Hello I would like to build a Netwitness 11 test lab, so we can try it out and get familiar with the new features before moving to Netwitness 11 in live.
Can anyone let me know what the minimum requirements in terms of
that would be needed.
It would only be very minimal logs and packet traffic.
Thanks in advance for your help.
For specifications, refer : Virtual Host Setup: Basic Deployment
Minimum requirement would be setting up admin server first, then setting up Hybrid server & ESA.
For adding new host to Admin server, refer : Setting up a Node-X (Decoder/Concentrator/Log Decoder/Archiver) in NW 11.0
Make sure you use same password for user "deploy_admin" while installing any hosts.
Thanks for the response. I looked at the doc but couldnt see a hybrid mentioned.
Am I looking at a mininum of three virtual machines? I want to do packets and logs and also have an ESA. I want to be able to try all the features so would need an archiver too.
How many machines do I need?
What are the minimum specs for each machine?
Hi David,
I think you will need a min. of 7 VM's:
1- Nwadmin server.
2- ESA
3- Concentrator.
4- LogDecoder
5- Archiver
6- PacketDecoder
7- VLC
And their SPEC's should meet what's mentioned here: Virtual Host Setup: Basic Deployment
Thank you,
Islam Rashad
Under normal circumstances, you'll need 6 VMs to do what you want to do:
- Analytics Server
- ESA
- Concentrator
- Log Decoder
- Packet Decoder
- Archiver
If you can dedicate 4 cores, 16GB of RAM, and 150GB - 200GB of hard drive space to each of those, they should stand up and stay running. Obviously, all of this comes with the caveat that you'd be running below standard specs, so you run the risk of capture not starting or staying up, or the ESA falling over. But you should get enough out of this setup to at least check out v11.
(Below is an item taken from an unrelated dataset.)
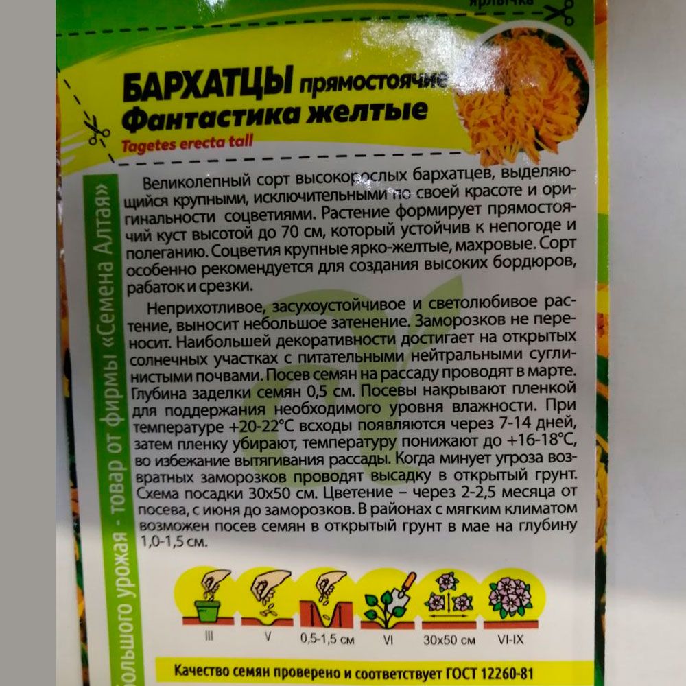 Бархатцы Фантастика Желтые 0,2 г Семена Алтая
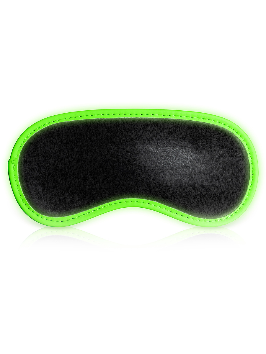The blindfold is made of PU-leather with a green edge that glows in the dark. It also has a wide, stretchy head strap that provides a perfect fit both during play.

If you want to get creative, it is possible to put both Decoder services on the same host, but NetWitness won't let you ingest from two services on the same host natively. You have to go to Decoder --> Explore --> sys --> config --> service.name.override and enter different names for your Log Decoder and Packet Decoder services. Those two services should be able to run on the same VM, which brings your total down to 20 cores, 80GB of RAM. and 1TB of space to the whole setup.
Thanks for the answer Sean. All the best
Under normal circumstances, you'll need 6 VMs to do what you want to do:
- Analytics Server
- ESA
- Concentrator
- Log Decoder
- Packet Decoder
- Archiver
If you can dedicate 4 cores, 16GB of RAM, and 150GB - 200GB of hard drive space to each of those, they should stand up and stay running. Obviously, all of this comes with the caveat that you'd be running below standard specs, so you run the risk of capture not starting or staying up, or the ESA falling over. But you should get enough out of this setup to at least check out v11.
If you want to get creative, it is possible to put both Decoder services on the same host, but NetWitness won't let you ingest from two services on the same host natively. You have to go to Decoder --> Explore --> sys --> config --> service.name.override and enter different names for your Log Decoder and Packet Decoder services. Those two services should be able to run on the same VM, which brings your total down to 20 cores, 80GB of RAM. and 1TB of space to the whole setup.